I've been quiet on the blog... things have been very fast paced around here. I'm not complaining when I say that, I'm stating the well... obvious! And I love every single second of it. All I've ever wanted to be since I was a little girl was a wife and mother. I can't imagine my life without Brandon and each one of my special blessings.
The call to adopt again has gotten stronger and stronger in my heart. I've read until I can quote facts and statistics. I've researched until the wee hours of the morning when I can barely hold my eyes open any longer. I've looked over photolists for waiting children so much that I can tell when they change the order or someone disappears.

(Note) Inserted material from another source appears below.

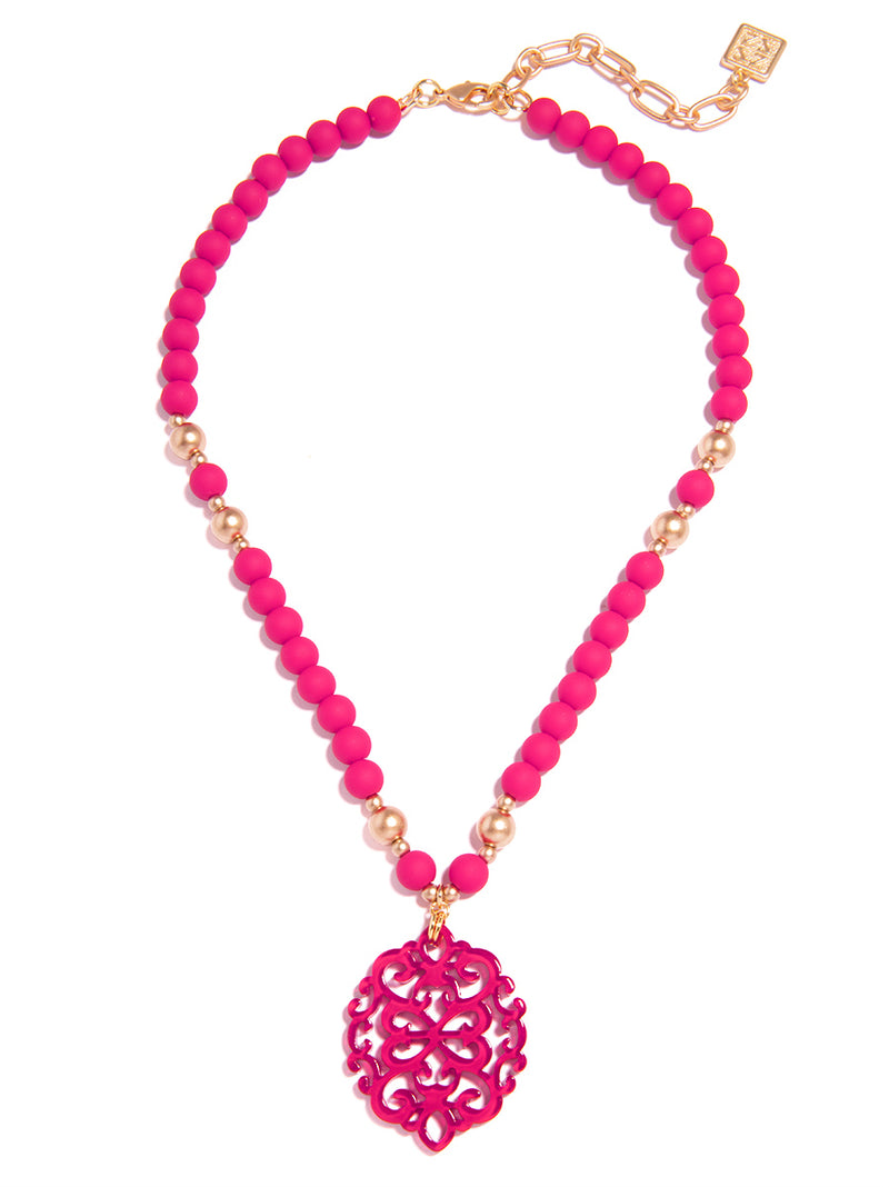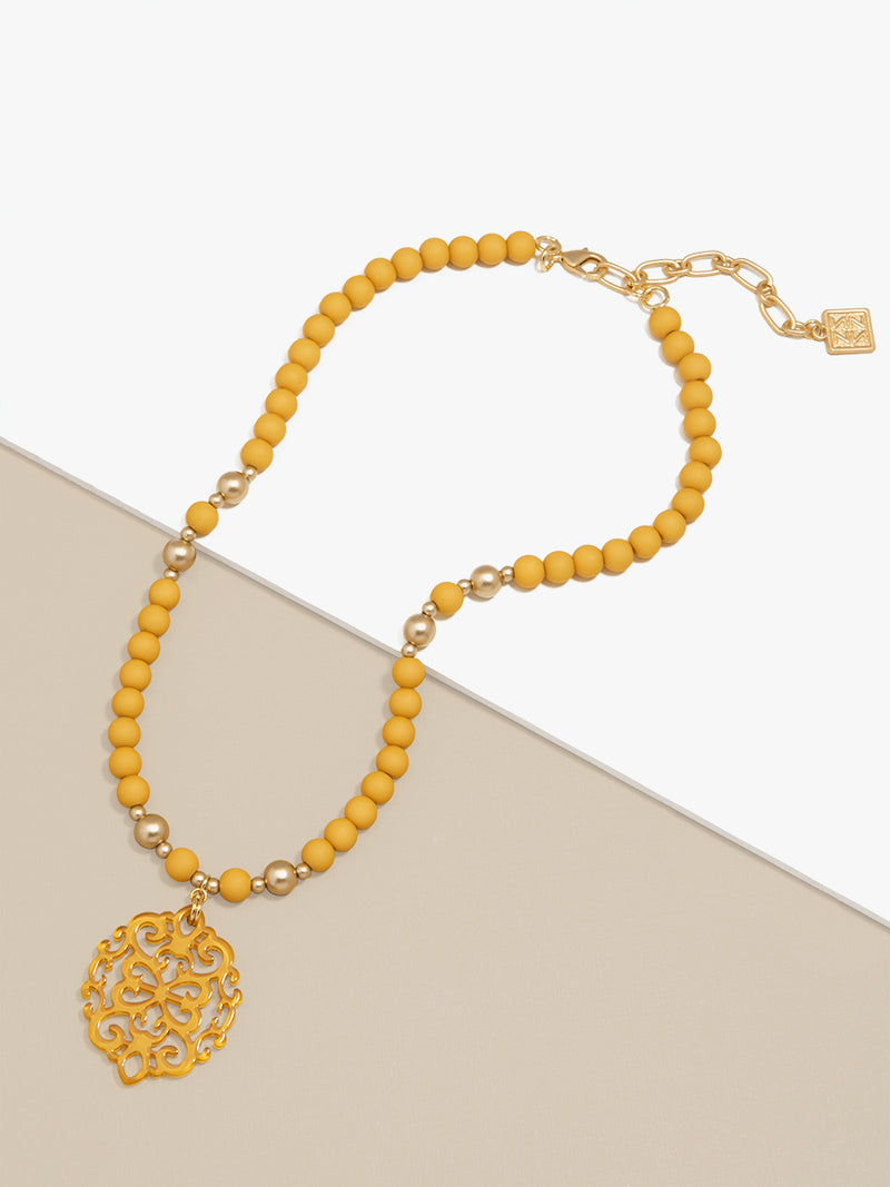 Designed with matte beads and a signature pendant silhouette, this modern and feminine necklace adds an element of charm and allure to your look.

I can pick out the faces of children that are placed on the list as new additions. I've looked at several special needs and researched resources here in the Richmond area. We have amazing resources here!
Some nights I get a handful of hours of sleep before I get up to tend to the children we already have in our home. Some nights I'm laying in bed with my eyes closed but I never drift off... I pray for our Annalise often... now we just have to find her.
My dream last night had me so disoriented when I woke up. I had to walk through the house to check on the children.
In the dream, Brandon and I were walking down a long hallway. We could hear a little girl calling for us "Mama... Daddy?" over and over. Sometimes her voice was very loud and other times it was very muffled. Brandon and I walked down this corridor trying to open doors. Some doors opened easily, but our Annalise wasn't behind the door. Some of the doors opened and revealed another corridor with more doors. Some doors were locked. Still Annalise called to us. And we became more frantic the longer she called. We started running down the hall checking doors while we called out "Annalise!!! Talk to Mama and Daddy! Hang on, we are coming!"
I started crying out to God to show us where she was and finally the right door opened but the light was so bright we couldn't see her. And then I woke up, shaking and disturbed.
Brandon and I will continue to cry out to God, asking Him to show us where we can find our Annalise. In the meantime, we continue to save and earmark funds to bring our girlie home.